На спектаклях всегда бывал аншлаг. Актерам пришлось привыкнуть к оглушительным выкрикам из зала. «А ты не обу-ел ли, кукурузная харя!», «Вон тот хмырь его убил!». Какая уж тут к хренам четвертая стена, когда накал в театре был почище, чем на матче «Сакатепек» — «Ирапуато». Молодые актеры — те поначалу вообще не врубались, застывали в разгар сцены, как оглушенные, не знали, что делать. На помощь приходили ветераны, повидавшие на своем веку не один шарабан: «Ты либо с ними в ответ шуткуешь, либо не обращаешь внимания, только не стой столбом».

Прошло несколько месяцев, и Педро с Хулианом решили, что пора обратиться к более рискованным творческим начинаниям. Стали привлекать больше художников-абстракционистов. Привозили авангардные спектакли. Расширили линейку деятельности уроками актерского мастерства, истории, философии, шахмат. Тогда-то Педро и пришло в голову пригласить «Танцедеев». Хулиан был против. Постановки Марины он считал претенциозными и тягомотными (точнее, он говорил «розовые сопли» и «отстой»). Какие-то полуголые балерины бегают по сцене, а за ними бегают балеруны, от которых было бы больше толку, нарядись они пальмами и стань на заднем плане. Но Педро придерживался иного мнения. «"Танцедеи“ — это и-де-аль-но», — сказал он так восторженно, что напомнил Хулиану тюленя, хлопающего ластами. Заключенным необходим контакт с женской сущностью. До сих пор в спектаклях не участвовали женщины (пьесы нарочно подбирались только с мужскими персонажами). Единственной феминой на проекте была почтенная восьмидесятилетняя Ребека Ортис, преподавательница художественного ваяния.
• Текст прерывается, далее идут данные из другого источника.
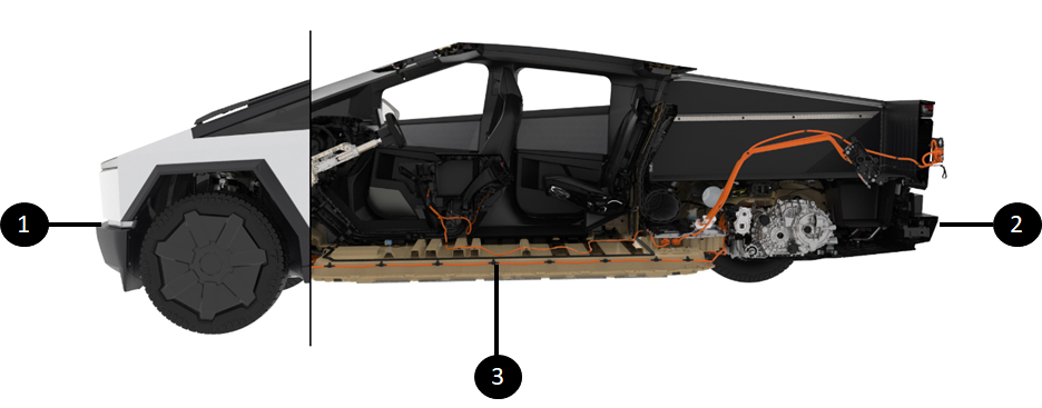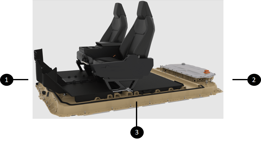 | 1. Ancillary Bay 2. HV battery Platter 3. Pyro-Disconnect Cover |
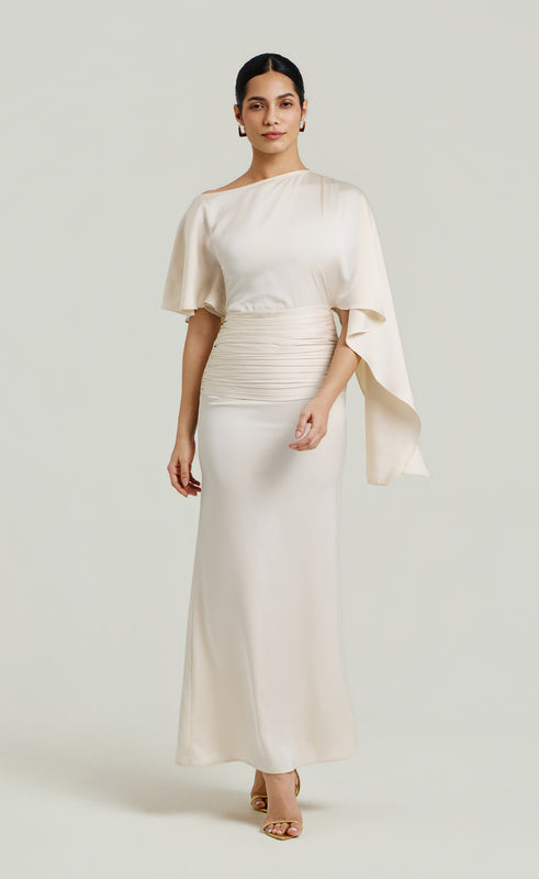 يجمع هذا الفستان بين البساطة والفخامة بأسلوب راقٍ. مصنوع من ساتان تويل فاخر، ينسدل على الجسم ليمنح إطلالة متقنة وأنيقة. يتميز بصدّة مطوية ناعمة، كم كاب غير متماثل، وخط خصر مطوي ليبرز القوام بشكل جميل، بينما تضفي التنورة النظيفة لمسة من الأناقة الخالدة. مثالي للنساء اللواتي يقدّرن السحر الراقي والبساطة الراقية، حيث يمنح الفستان حضوراً مميزاً وجاذبية عصرية.

«К вам, может, балерин привезут выступать, — между прочим заметил Хулиан Хосе Куаутемоку, на лице которого не дрогнул от этого известия ни один мускул. — Что такое? Красоток не любишь или только задом теперь паркуешься?» Кому другому Хосе Куаутемок уже бы яйца вырвал за такое, но тут он просто улыбнулся. Красотки или не красотки — одна фигня. От них одни траблы. Он хотел, чтобы ничто не отвлекало его от океана творчества. Нет уж, месье. Он наконец-то схоронил свои плотские желания, причем в самом дальнем углу кладбища ненужной дряни. Желание в тюряге ведет к одному — как раз таки к парковке задом, а это дело — также известное как «замена масла» — не его. Он не хотел думать о женщинах. Не хотел представлять их голыми. Не хотел мечтать о них, сходить из-за них с ума. Ему не нужен был секс и они были не нужны. В любом смысле — ни их голоса, ни их чувствительность, ни их представление о мире, ни глаза, ни руки, ни пальцы, ни губы, ни покой, ни буря. А теперь этот окорочок Хулиан как ни в чем не бывало заявляет, что сюда явится куча баб. Они вторгнутся и разбередят былое. Вновь сернистое биение их запаха. Вновь одержимость их кожей, их ласками, их влажностью, теплом их тел, словами, которые только они и умеют произносить. Да ну на хрен. Ужасная идея — привезти их в тюрьму.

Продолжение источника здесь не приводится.